*Exercise instructions*
Repeat everything in the listing exactly, except for the images.

*Information provided*

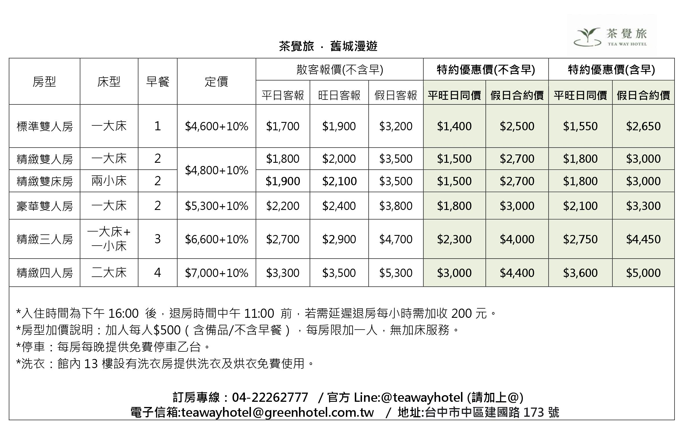 房型加價說明:加人每人$500(含備品/不含早餐),每房限加一人,無加床服務。
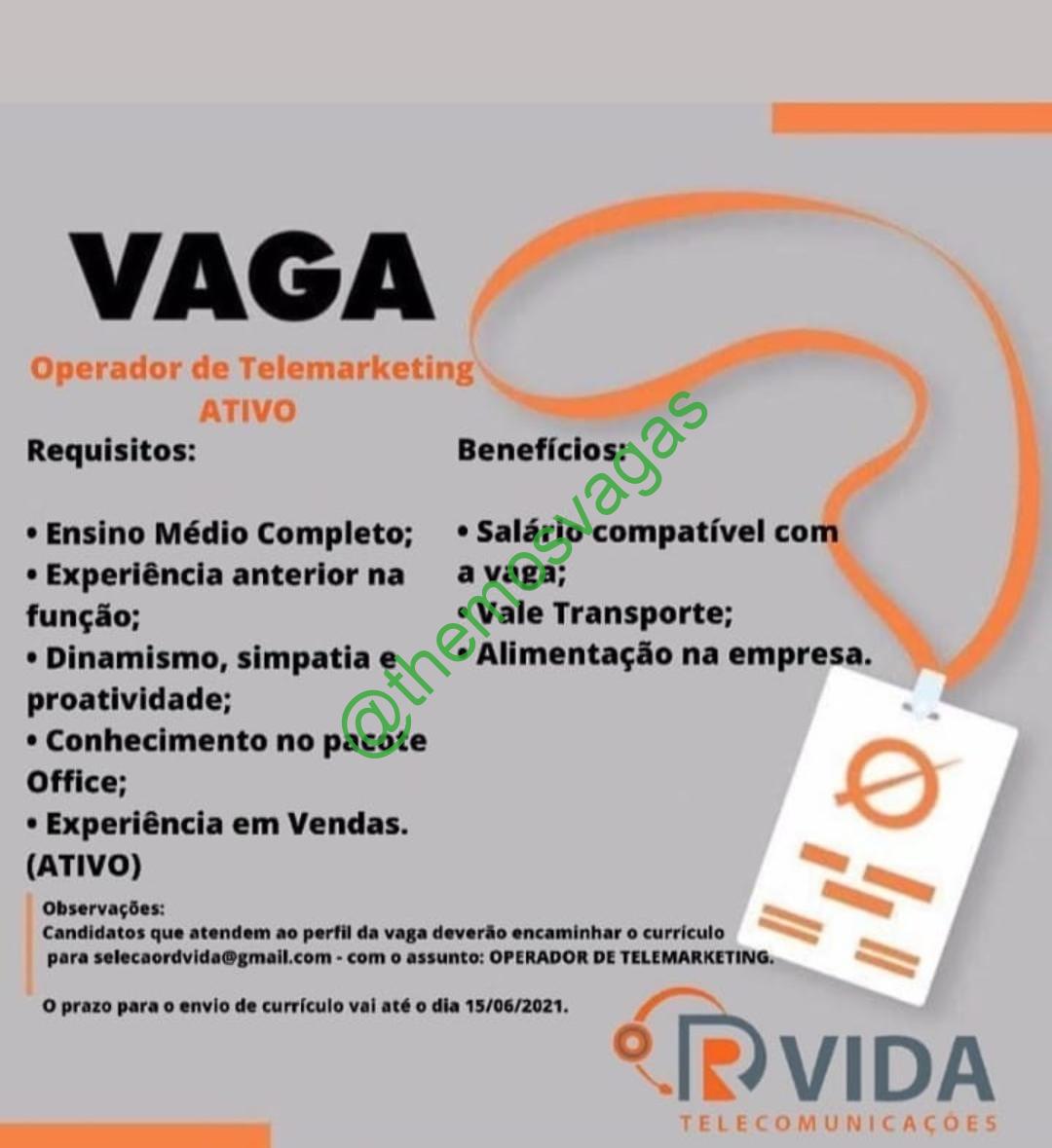 – Interessados(as) e que atendam ao perfil solicitado acima, devem enviar o currículo até 15|06|2021 para o e-mail selecaordvida@gmail.com, contendo no titulo/assunto “Operador(a) de Telemarketing – FOR
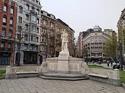 From the outset, the square was embellished with a triangular parterre on the boulevard's side, which in 1924 welcomed the Monument to the Showmen who died for the Fatherland. In 2005–06, the space was redesigned as a pedestrian area, with the exception of the western end, where a carriageway connects the Rue Lambert Crickx and the Rue de l'Autonomie. The narrow part of the square now houses a fountain.[1]

*Result of this exercise*
 房型加價說明:加人每人$500(含備品/不含早餐),每房限加一人,無加床服務。
 – Interessados(as) e que atendam ao perfil solicitado acima, devem enviar o currículo até 15|06|2021 para o e-mail selecaordvida@gmail.com, contendo no titulo/assunto “Operador(a) de Telemarketing – FOR
 From the outset, the square was embellished with a triangular parterre on the boulevard's side, which in 1924 welcomed the Monument to the Showmen who died for the Fatherland. In 2005–06, the space was redesigned as a pedestrian area, with the exception of the western end, where a carriageway connects the Rue Lambert Crickx and the Rue de l'Autonomie. The narrow part of the square now houses a fountain.[1]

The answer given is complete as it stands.